__SUPPLIED DATA__
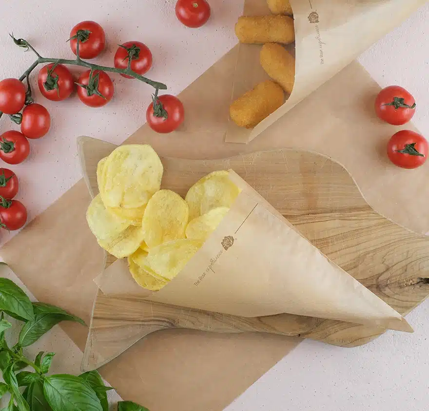Les frites et tous les autres aliments frits contenus dans ces cornets restent croustillants et délicieux, comme s’ils venaient d’être cuits, tandis que le grammage du papier protège les mains de la température élevée des aliments.
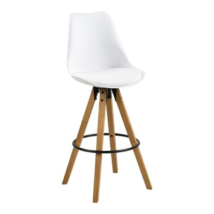 Praktyczny i komfortowy stołek barowy Dima. Wygodny stołek w stonowanej kolorystyce i nowoczesnym stylu ma obiteczarną eko skórą siedzisko i drewnianą podstawę. Siedzisko jest wymodelowane wraz z oparciem jako jeden element, z dodatkową poduszką również obitą eko skórą w czarnym kolorze. Podstawa w formie czwórnogu wykonana jest z listew z drewna kauczukowego, pobejcowanego na kolor dębu i zabezpieczonego olejem. Na dole nogi stołka objęte są czarnym metalowym relingiem pełniącym funkcję podpórki pod stopy. Całość będzie doskonale wyglądać w pubie lub jako siedzisko przy wyspie w kuchni. Waga: 7,75 kg. Wymiary kartonu: 74cm x 37cm x 56cm Wysokość siedziska: 75 cm Szerokość siedziska: 48,5 cm Głębokość siedziska: 40 cm
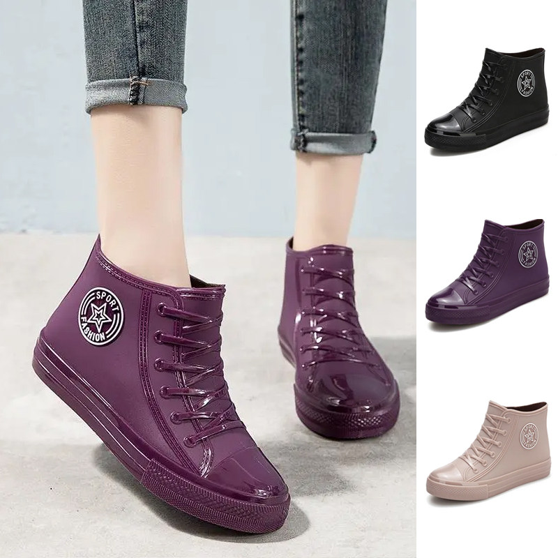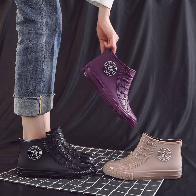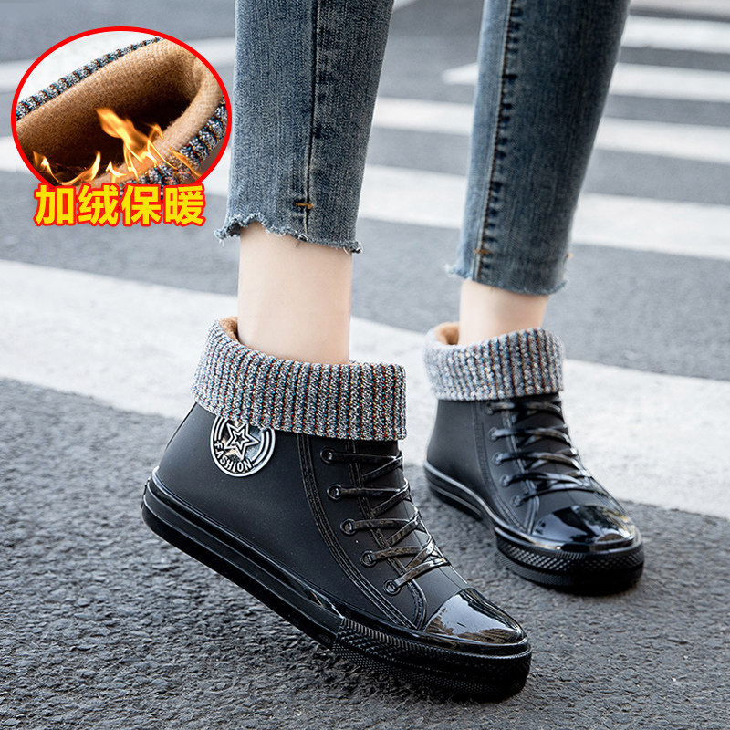 Rain boots women's fashion outside wear kitchen non-slip rain boots work lightweight rubber shoes new short tube soft bottom plus velvet waterproof shoes

__EXERCISE GOAL__
Return all the material exactly, skipping pictures.

__EXERCISE ANSWER__
Les frites et tous les autres aliments frits contenus dans ces cornets restent croustillants et délicieux, comme s’ils venaient d’être cuits, tandis que le grammage du papier protège les mains de la température élevée des aliments.
 Praktyczny i komfortowy stołek barowy Dima. Wygodny stołek w stonowanej kolorystyce i nowoczesnym stylu ma obiteczarną eko skórą siedzisko i drewnianą podstawę. Siedzisko jest wymodelowane wraz z oparciem jako jeden element, z dodatkową poduszką również obitą eko skórą w czarnym kolorze. Podstawa w formie czwórnogu wykonana jest z listew z drewna kauczukowego, pobejcowanego na kolor dębu i zabezpieczonego olejem. Na dole nogi stołka objęte są czarnym metalowym relingiem pełniącym funkcję podpórki pod stopy. Całość będzie doskonale wyglądać w pubie lub jako siedzisko przy wyspie w kuchni. Waga: 7,75 kg. Wymiary kartonu: 74cm x 37cm x 56cm Wysokość siedziska: 75 cm Szerokość siedziska: 48,5 cm Głębokość siedziska: 40 cm
 Rain boots women's fashion outside wear kitchen non-slip rain boots work lightweight rubber shoes new short tube soft bottom plus velvet waterproof shoes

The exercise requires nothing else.